Work request
Without the pictures, repeat all of the data exactly as it appears below.
____
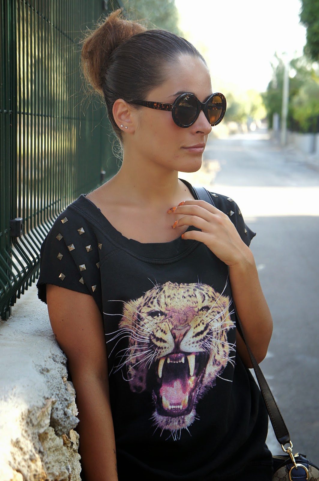 Honestly, I am so happy, because after weeks of scorching heat the air became unbreathable, and needed a change of climate, to ensure that the air rinfrescasse. As I have written in previous posts I have several look to show you, and now it’s up to this: an easy outfit to wear to the streets of the country. I wanted to show off my new red boots desired for months and purchased online at a price nothing short of extraordinary. I searched in several stores in my part, but my number was not available as usual. I love the color, pattern, and especially the application that we are on, and I have chosen to combine them to one of my favorite sweatshirts Tee-Trend with a huge tiger printed above. Mega hair in bun and glasses vintage Moschino received as a gift from my dad. Good Sunday to all.
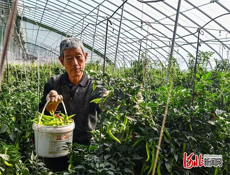 10月21日,在望都县辣椒产业种植基地,工作人员在采摘高产抗病杂交辣椒。 本组图片由侯虓摄
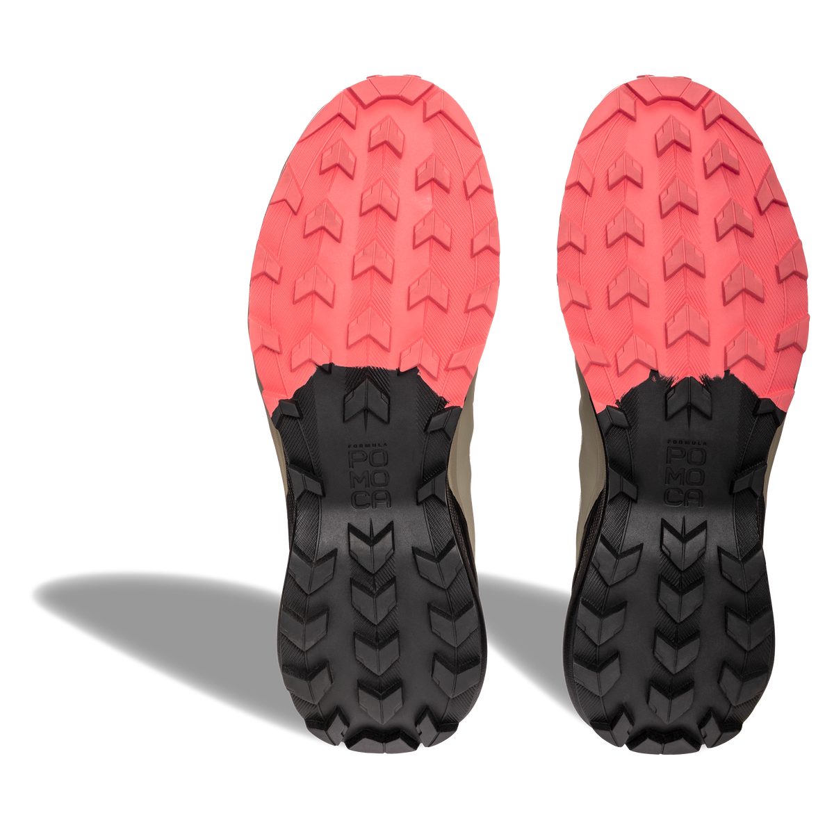Die POMOCA-Außensohle sorgt für exzellenten Grip auf weichem und schlammigem Untergrund; die 6 mm Stollen geben dir sicheren Halt bei wechselnden Bedingungen. Der 6 mm Sprengung sorgt für ein direktes Bodengefühl und fördert ein dynamisches Abrollverhalten.
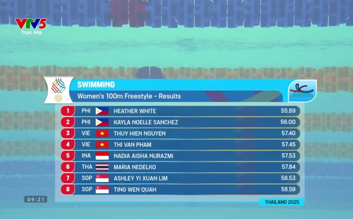 Ở nội dung vòng loại 100m tự do nữ, Phạm Thị Vân và Nguyễn Thuý Hiền về đích thứ hai và ba ở lượt bơi thứ ba. Cả hai đều giành quyền vào thi chung kết.
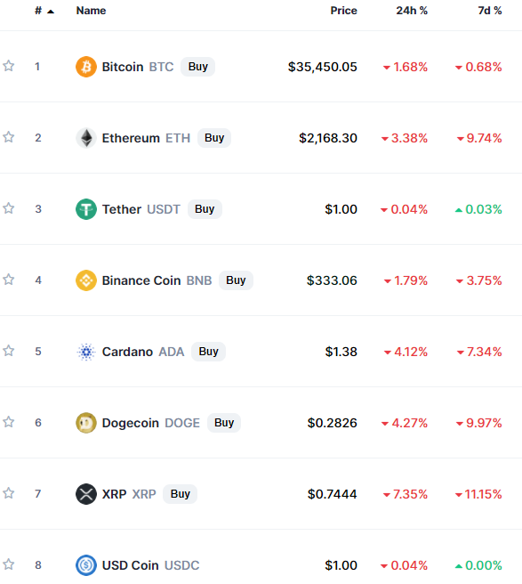 截止发稿,加密货币依然全线走跌,比特币 7 天内所有涨幅完全抹平。
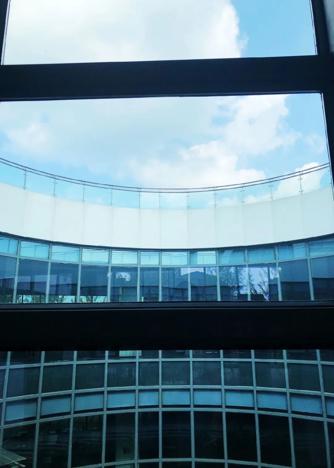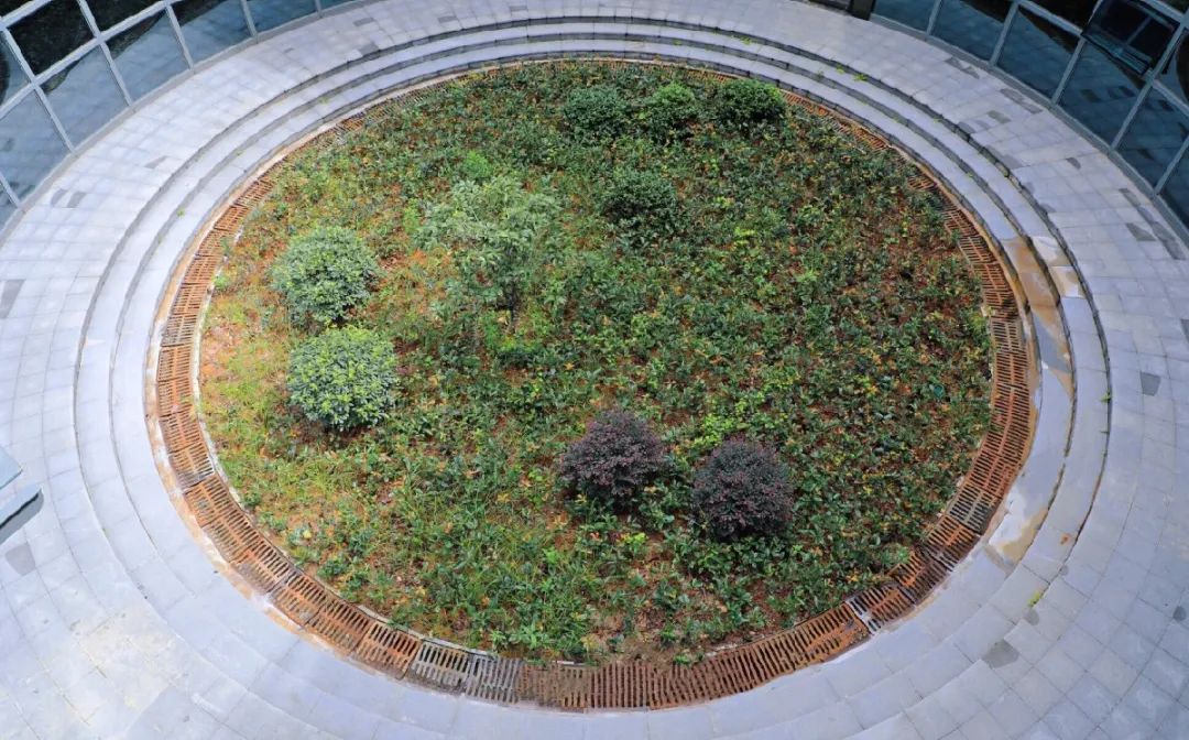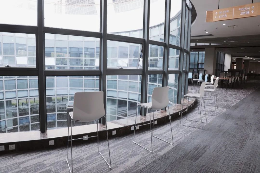 位于图书馆正中的是一个环形天井,围着天井放置了一圈高脚椅。同学们如果觉得看书看累了不妨望个空发个呆,想象下在阳光明媚的午后,偌大的落地窗上透过的丝缕阳光,也许会给大家带来一番别样的感受……通过图书馆一楼可以进入到环形天井内部,包括一楼东南西北四个方向也另外各有四个小型天井,每个天井中都种了些许绿植以供观赏,休憩之时,来这里深吸一口气做个肺部SPA,也是一个不错的选择哦~
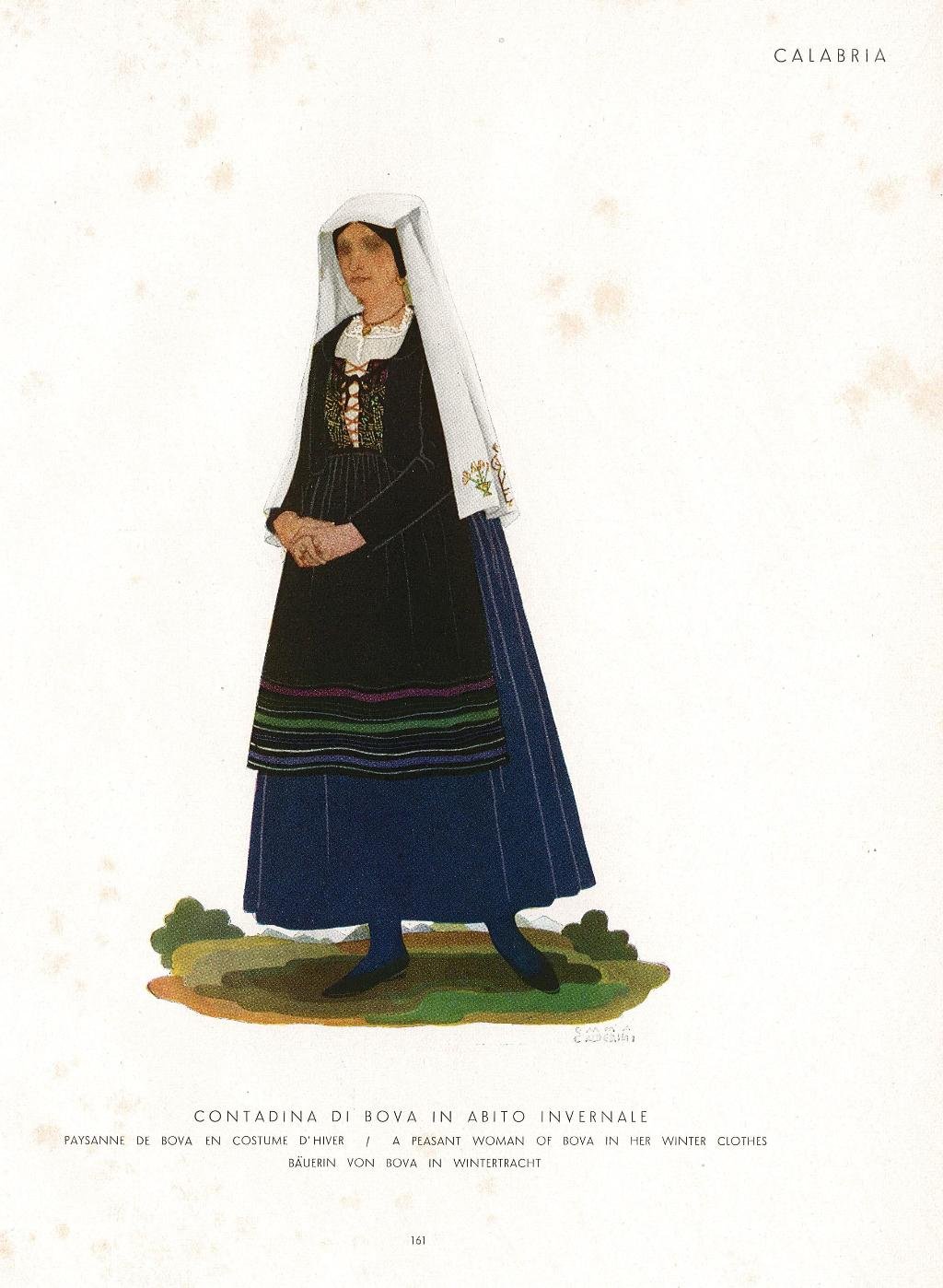 Stampa antica e originale raffigurante il costume caratteristico del luogo. Autore: Calderini Emma. Luogo: Bova - Reggio Calabria. Anno: 1920. Tecnica: tipolitografia. Dimensioni: 210x130. Tratta dall'opera "Il costume popolare in Italia" edita a Milano da Sperling & KupferPiccole macchie d'umidità. Piccole macchie d'umidità
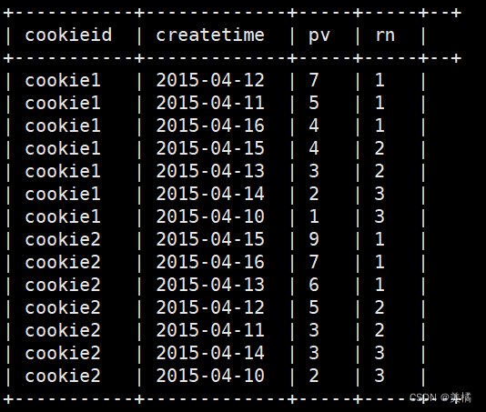 rank() over(partition by cookieid order by pv desc) as rn2
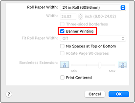 - Cuando se selecciona "XXX Sin bordes" o "XXX Hoja cortada" para Tamaño de papel (Paper Size) en el cuadro de diálogo de impresión, Imprimir título (Banner Printing) se muestra atenuado y no se puede establecer.
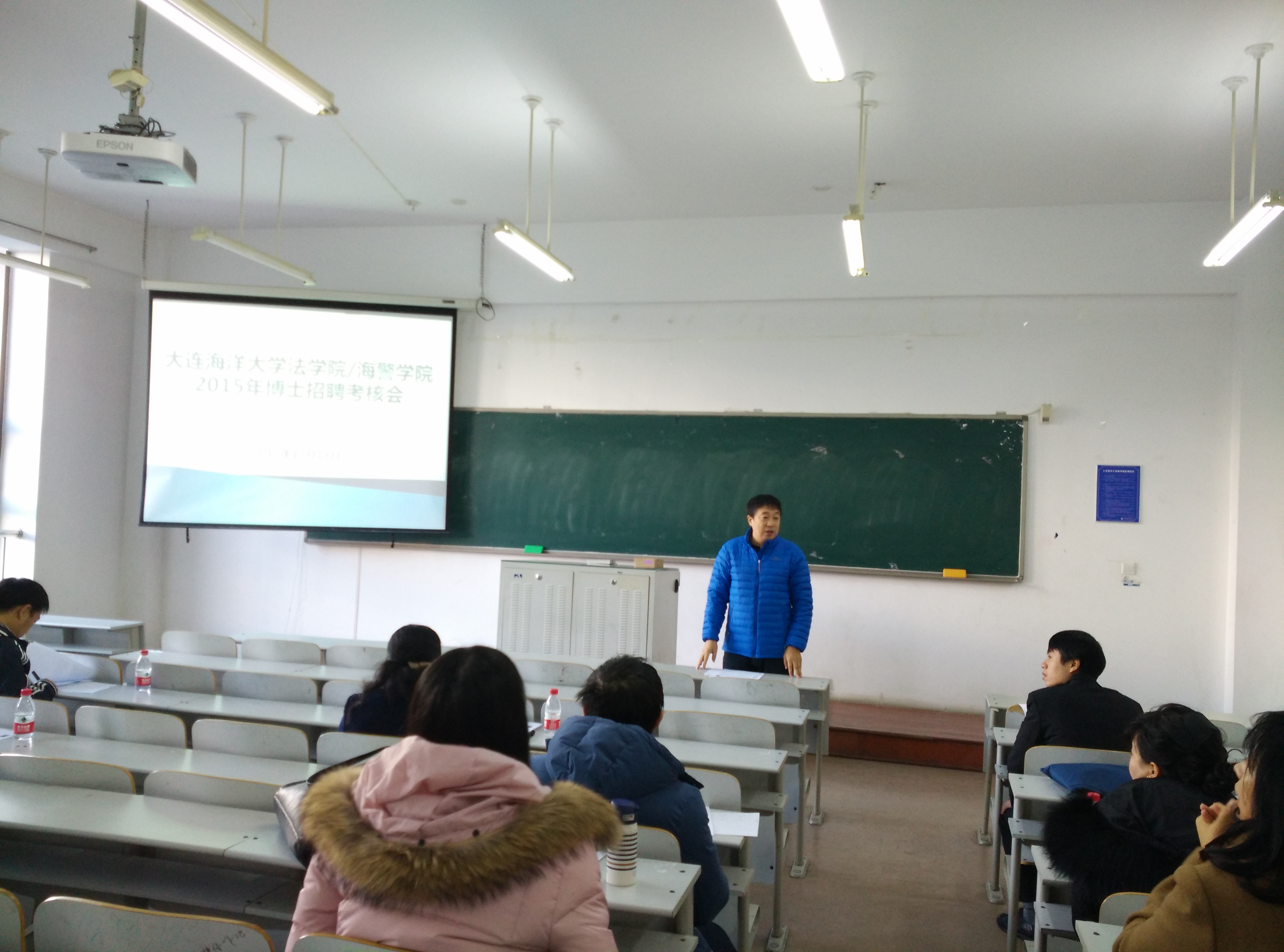 2015年12月18日上午,法公司/海警公司在獐子岛教学楼110教室召开了2015年第公开招聘博士考核会。来自山东大学和日本京都大学的两位博士参加了考核面试。校组织人事部、教务处、学科与研究生管理处的有关人员,法公司/海警公司相关老师出席并担任了考核评委。
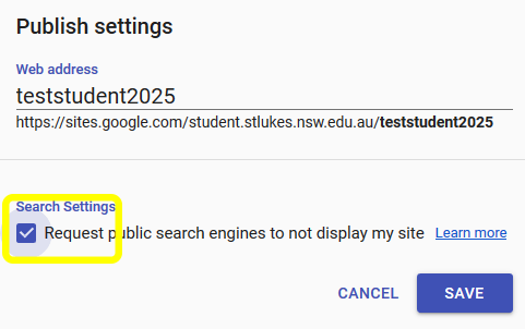 To allow your teachers to mark your Google Site in CANVAS you will need to set up your Google Site with these specific sharing settings.
____
Task solution
 Honestly, I am so happy, because after weeks of scorching heat the air became unbreathable, and needed a change of climate, to ensure that the air rinfrescasse. As I have written in previous posts I have several look to show you, and now it’s up to this: an easy outfit to wear to the streets of the country. I wanted to show off my new red boots desired for months and purchased online at a price nothing short of extraordinary. I searched in several stores in my part, but my number was not available as usual. I love the color, pattern, and especially the application that we are on, and I have chosen to combine them to one of my favorite sweatshirts Tee-Trend with a huge tiger printed above. Mega hair in bun and glasses vintage Moschino received as a gift from my dad. Good Sunday to all.
 10月21日,在望都县辣椒产业种植基地,工作人员在采摘高产抗病杂交辣椒。 本组图片由侯虓摄
Die POMOCA-Außensohle sorgt für exzellenten Grip auf weichem und schlammigem Untergrund; die 6 mm Stollen geben dir sicheren Halt bei wechselnden Bedingungen. Der 6 mm Sprengung sorgt für ein direktes Bodengefühl und fördert ein dynamisches Abrollverhalten.
 Ở nội dung vòng loại 100m tự do nữ, Phạm Thị Vân và Nguyễn Thuý Hiền về đích thứ hai và ba ở lượt bơi thứ ba. Cả hai đều giành quyền vào thi chung kết.
 截止发稿,加密货币依然全线走跌,比特币 7 天内所有涨幅完全抹平。
 位于图书馆正中的是一个环形天井,围着天井放置了一圈高脚椅。同学们如果觉得看书看累了不妨望个空发个呆,想象下在阳光明媚的午后,偌大的落地窗上透过的丝缕阳光,也许会给大家带来一番别样的感受……通过图书馆一楼可以进入到环形天井内部,包括一楼东南西北四个方向也另外各有四个小型天井,每个天井中都种了些许绿植以供观赏,休憩之时,来这里深吸一口气做个肺部SPA,也是一个不错的选择哦~
 Stampa antica e originale raffigurante il costume caratteristico del luogo. Autore: Calderini Emma. Luogo: Bova - Reggio Calabria. Anno: 1920. Tecnica: tipolitografia. Dimensioni: 210x130. Tratta dall'opera "Il costume popolare in Italia" edita a Milano da Sperling & KupferPiccole macchie d'umidità. Piccole macchie d'umidità
 rank() over(partition by cookieid order by pv desc) as rn2
 - Cuando se selecciona "XXX Sin bordes" o "XXX Hoja cortada" para Tamaño de papel (Paper Size) en el cuadro de diálogo de impresión, Imprimir título (Banner Printing) se muestra atenuado y no se puede establecer.
 2015年12月18日上午,法公司/海警公司在獐子岛教学楼110教室召开了2015年第公开招聘博士考核会。来自山东大学和日本京都大学的两位博士参加了考核面试。校组织人事部、教务处、学科与研究生管理处的有关人员,法公司/海警公司相关老师出席并担任了考核评委。
 To allow your teachers to mark your Google Site in CANVAS you will need to set up your Google Site with these specific sharing settings.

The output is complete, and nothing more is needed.